#### Records provided
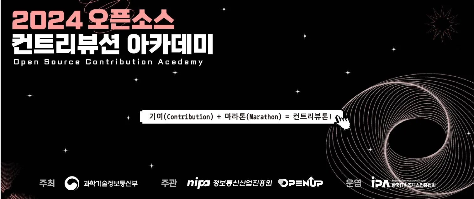 2016년부터 개최된 연례 행사이며, 2024년 제 9회차를 맞아 다시 한번 선배 개발자와 후배 개발자가 함께 컨트리뷰션 하는 멋진 행사가 개최됩니다. 오픈소스 컨트리뷰션 아카데미에 참가하는 모든 멘티와 멘토는 오픈소스SW통합지원센터 Open UP에서 자유롭게 코딩할 수 있습니다.
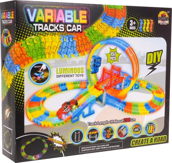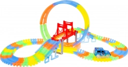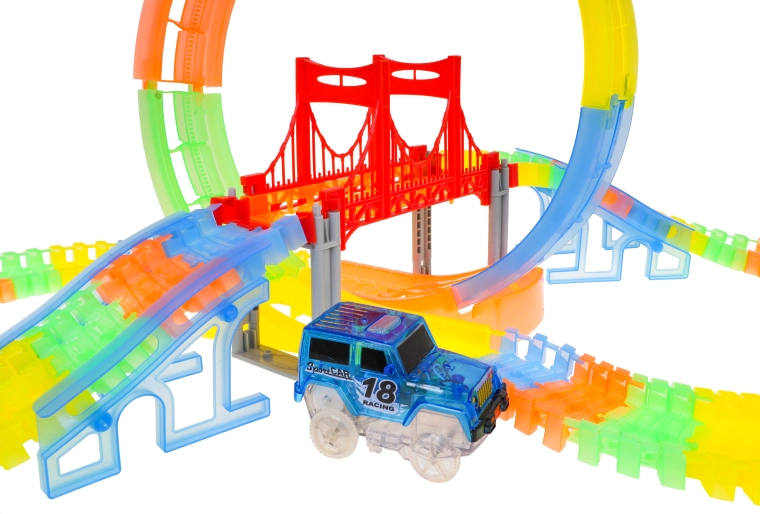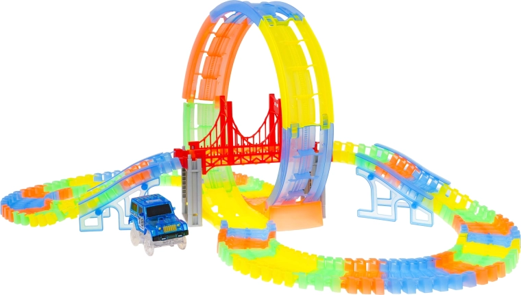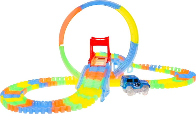 Circuit lumineux dans le noir avec looping et petite voiture inclus dans l’emballage, convient aux enfants dès 3 ans. Les pistes sont flexibles, on peut les agencer dans n’importe quelle combinaison, les tourner, les surélever, les réorganiser, et ce pendant que la voiture roule. Les pistes sont en outre fluorescentes et brillent dans l’obscurité. Le véhicule inclus possède un éclairage LED, offrant un effet spectaculaire lors de la conduite dans le noir. Le véhicule est alimenté par 2 piles AA 1,5 V (non fournies). Pour démarrer la voiture, il suffit d’appuyer sur le bouton situé sur son toit. Que la course commence ! |
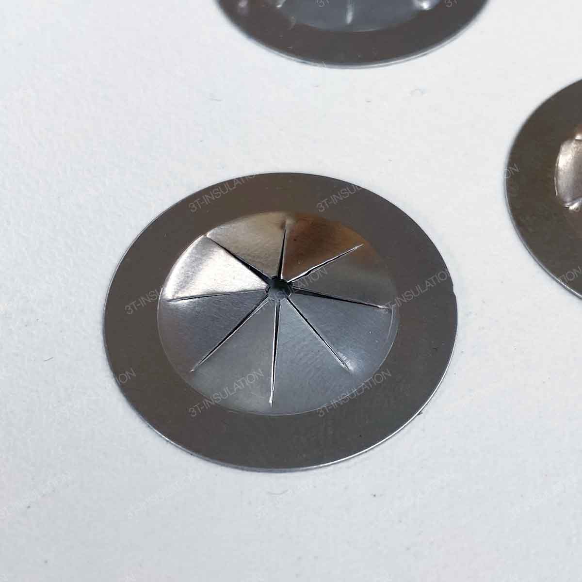 ASAWA Spring Washer แหวนสปริงล็อกหมุดหนามเตย สำหรับใช้งานร่วมกับหนามเตยเทป (Self Adhesive Insulation Pin) หรือ หนามเตยชนิดกาวตะปู (Perforated Base Insulation Pin) เพื่อยึดฉนวนกันความร้อน ผลิตขึ้นจากสแตนเลส ปั๊มขึ้นรูปออกมามีลักษณะเป็นแหวนที่มีรอยแฉกตรงกลาง เมื่อสอดหนามเตยผ่าน แหวนจะล็อกจนไม่สามารถดึงออกได้
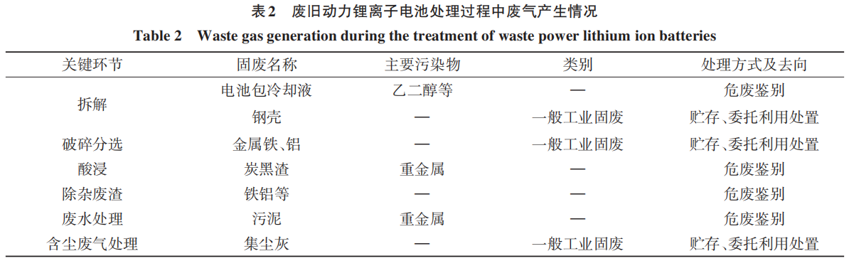 廢舊動力鋰離子電池的回收工藝涉及多個階段,每個階段均可能產(chǎn)生不同類型的廢氣,如表2所示。
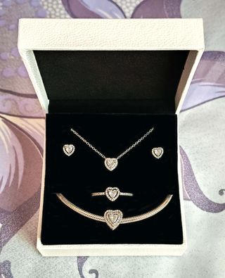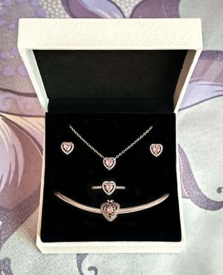Conjunto de plata con diseño de corazón rosa. Incluye: pendientes, collar, anillo, charm y pulsera. - Pendientes con cierre de botón. 12€. - Collar de 22 cm con cierre de mosquetón y ajustable a 2 longitudes. 15€. - Anillo talla: 14 (17,2 mm de diámetro interior, 54 mm circunferencia), 16 (17,8 mm DI, 56 mm C) y 19 (18,8 mm DI, 59 mm C). 15€. - Charm corazón corona. 12€. - Pulsera Corazón de 19 cm de longitud. 15€. Precio unitario. Sólo envío. Si buscas algo y no lo encuentras pregúntame✍️🏼

#### Work to complete
Output the line that contains "廢舊動力鋰離子電池的回收工藝" and every subsequent line through the end of the entries, exactly as given, without pictures.

#### Task answer
 廢舊動力鋰離子電池的回收工藝涉及多個階段,每個階段均可能產(chǎn)生不同類型的廢氣,如表2所示。
Conjunto de plata con diseño de corazón rosa. Incluye: pendientes, collar, anillo, charm y pulsera. - Pendientes con cierre de botón. 12€. - Collar de 22 cm con cierre de mosquetón y ajustable a 2 longitudes. 15€. - Anillo talla: 14 (17,2 mm de diámetro interior, 54 mm circunferencia), 16 (17,8 mm DI, 56 mm C) y 19 (18,8 mm DI, 59 mm C). 15€. - Charm corazón corona. 12€. - Pulsera Corazón de 19 cm de longitud. 15€. Precio unitario. Sólo envío. Si buscas algo y no lo encuentras pregúntame✍️🏼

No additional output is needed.